Each line below must be transcribed exactly, and no picture may appear in the transcription.
═════ Data section
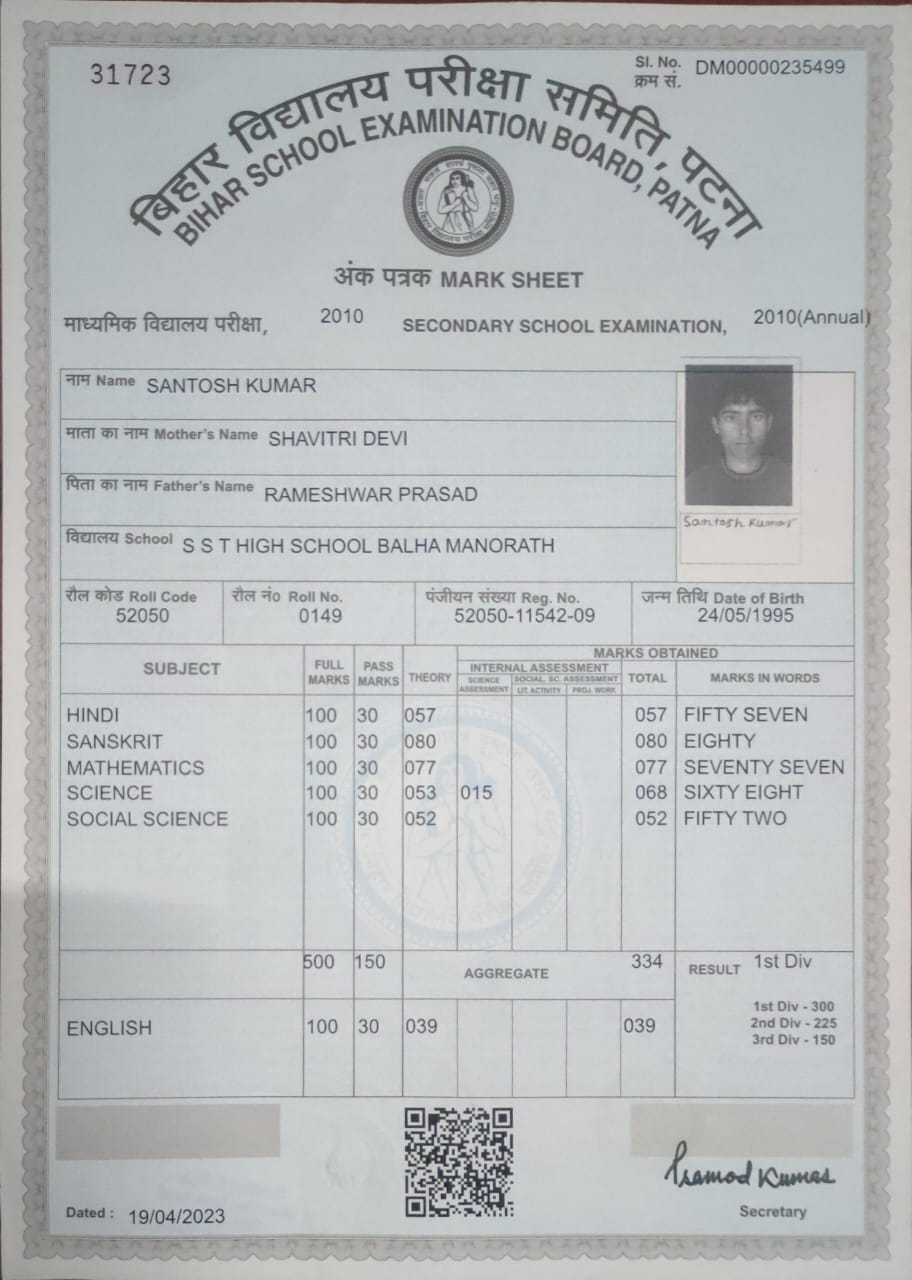 | Exam | Full Marks | Pass Marks | Marks Obtained |
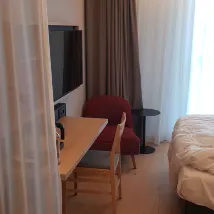 Отель современный, со светлыми чистыми номерами, небольшой функциональной ванной комнатой, чайником, холодильником, водой и столешницей с розетками для работы. Телевизор с большим экраном и достаточным количеством каналов для просмотра.
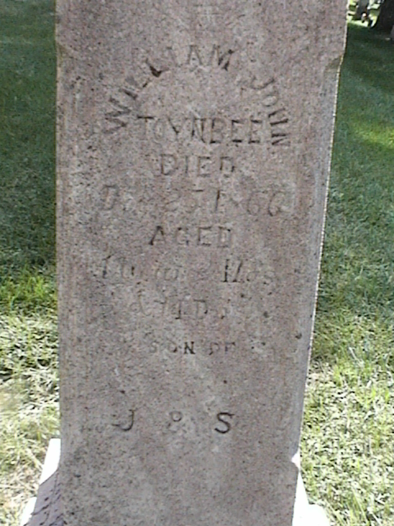Toynbee, William John; d. 25 Dec 1866; a. 11 Yrs, 2 Mos, 14 Dys; Son of J and S Toynbee; - Veteran status N/A; Section 1; Row 07; Photo
══════════
> _Output below_
 | Exam | Full Marks | Pass Marks | Marks Obtained |
 Отель современный, со светлыми чистыми номерами, небольшой функциональной ванной комнатой, чайником, холодильником, водой и столешницей с розетками для работы. Телевизор с большим экраном и достаточным количеством каналов для просмотра.
Toynbee, William John; d. 25 Dec 1866; a. 11 Yrs, 2 Mos, 14 Dys; Son of J and S Toynbee; - Veteran status N/A; Section 1; Row 07; Photo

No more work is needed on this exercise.